Photo courtesy of Fox Searchlight Pictures
Jay Chandrasekhar, Paul Soter and Steve Lemme star in the new comedy "Super Troopers." A sneak preview begins tonight at 7 in the Social Sciences building, Room 100. Party with the stars of the movie afterward at Dirtbags, at 9:30 p.m.
|
|
By Anne Owens
Arizona Daily Wildcat
Friday Jan. 18, 2002
Actors hope to shine like the sun at tonight's screening, today's visit
The cast of a new film is visiting UA today, hoping to arrest the attention of students and staff.
Fox Searchlight Pictures' "Super Troopers" premieres tonight in Room 100 of Social Sciences at 5. The actors, members of the Broken Lizard comedy troupe, are coming to the University of Arizona Mall today at noon as part of a promotional tour before the film opens.
The idea of taking to the road was spawned by a college tour the troupe did in 1996 for its first movie, "Puddle Cruiser," which won best film at the Hampton film festival.
This particular leg of the tour is a homecoming of sorts for UA alumnus producer Richard Perello, who graduated in 1989 from the School of Finance and Economics.

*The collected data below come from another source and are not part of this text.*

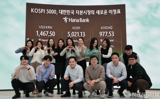 [서울=뉴스핌] 양윤모 기자 = 1980년 코스피 시장이 열린지 46년 만에 사상 처음으로 5021.13을 돌파하자 23일 서울 중구 하나은행본점 딜링룸에서 직원들이 축하 기념촬영을 하고 있다. 2026.01.23 yym58@newspim.com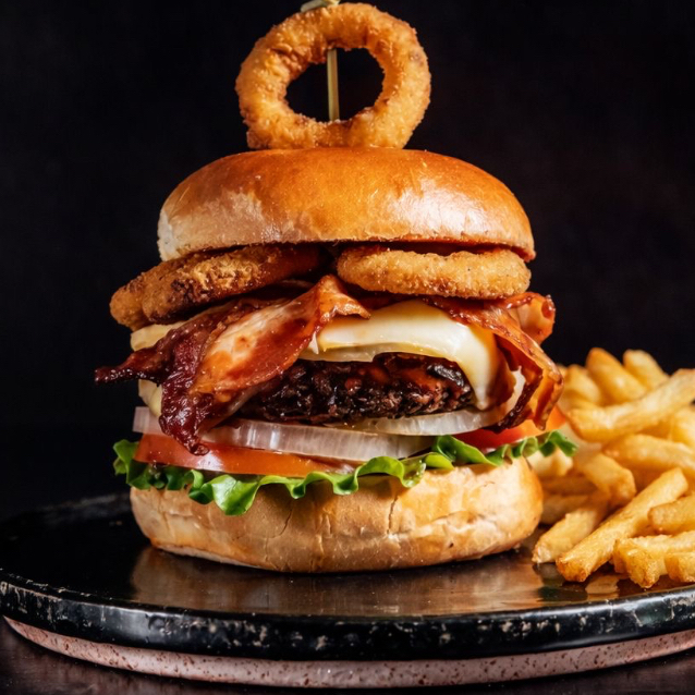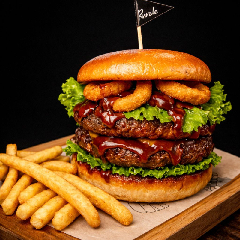Hamburguesa de res de doble carne con Bq y aros de cebolla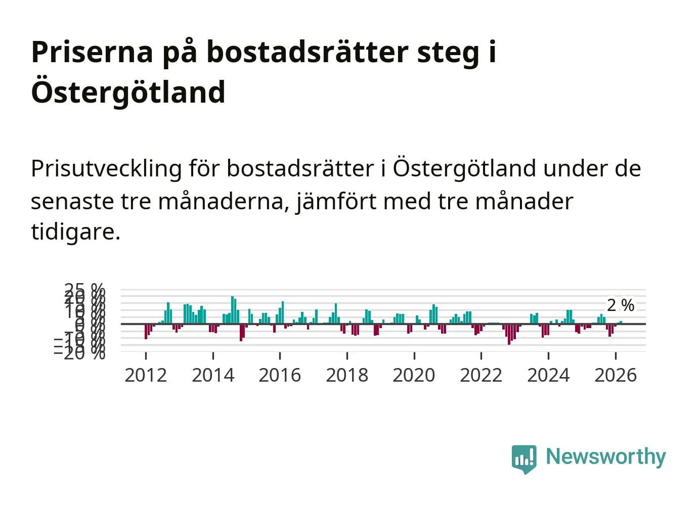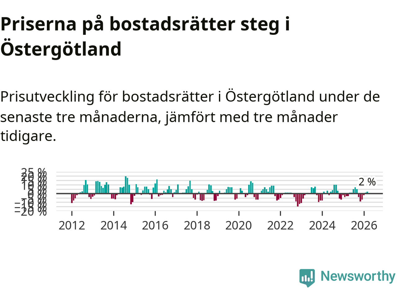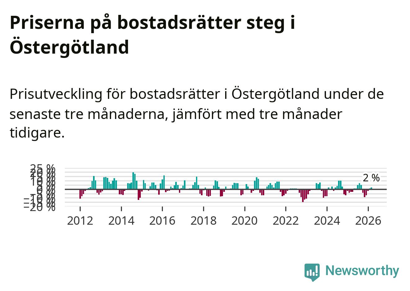 Priserna på bostadsrätter har gått upp i Östergötlands län. Medelpriset på försäljningarna under de senaste tre månaderna visar på en uppgång med 2 procent.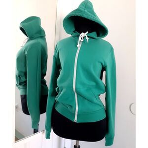 Canvas Womens Solid Green Fleece Full Zip Drawstring Sweatshirt Hoodie XS

"I'm very excited to be coming back to a place where I spent such a big chunk of my life," Perello said. "It's a great feeling to come here again. I haven't been back since I graduated. This gives me the opportunity to showcase the work I've been doing since college to the people who helped me through college."

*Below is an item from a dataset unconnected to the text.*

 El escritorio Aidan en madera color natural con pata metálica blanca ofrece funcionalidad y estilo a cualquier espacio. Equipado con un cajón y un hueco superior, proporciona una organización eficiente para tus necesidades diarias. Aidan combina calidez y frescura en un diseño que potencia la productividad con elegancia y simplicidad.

After attending UA, Perello worked on Wall Street, producing films on the side with alumna Jennifer Meyer.
Together, they produced a short film bought by "Saturday Night Live." The film led to other shorts and eventually landed him a full-time job as a producer for Broken Lizard.

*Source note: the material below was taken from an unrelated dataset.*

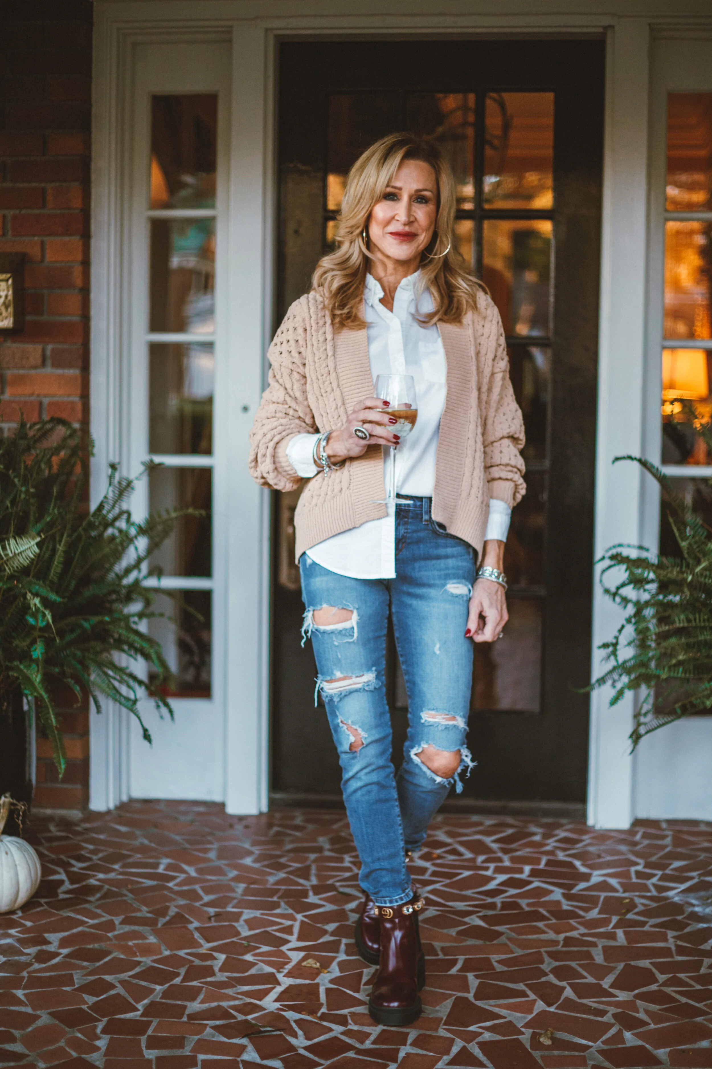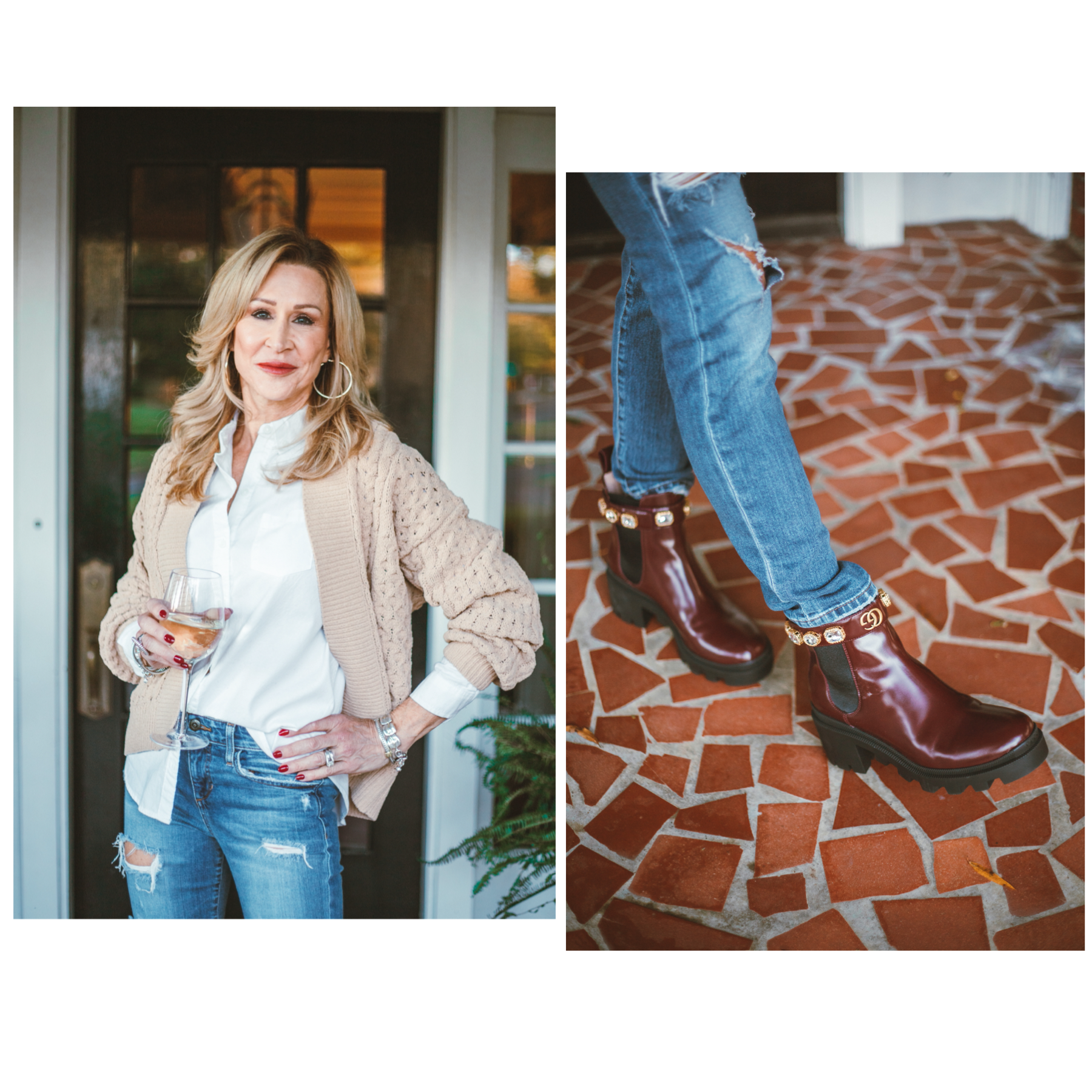 My last casual look combines jeans that i’ve had forever with a new white button down blouse from Target, a cardigan sweater from Abercrombie and my splurge…new Gucci boots.

"A member of Broken Lizard was temping at the place where I was working," Perello said. "He overheard me talking on the phone about producing films, I overheard him talking about making films, and it moved on from there."
Soon after joining the group, Perello left the world of finance to produce full time. He now owns Cataland Films, a production company based in New York.
"Super Troopers," which opens Feb. 15, is about five Vermont state troopers who wreak havoc on the highways. Overenthusiastic and under-stimulated, they function as fraternity brothers in uniform with mustaches and guns. They pull pranks on the great American highway, turning the arrest into an art form as their imaginations and libidos run wild.
"The film plays really well to college audiences," Perello said. "The U of A is a great place for this kind of thing. I remember going to film screenings when I was a student, and they were always so much fun. Hopefully, this will have the same of feeling."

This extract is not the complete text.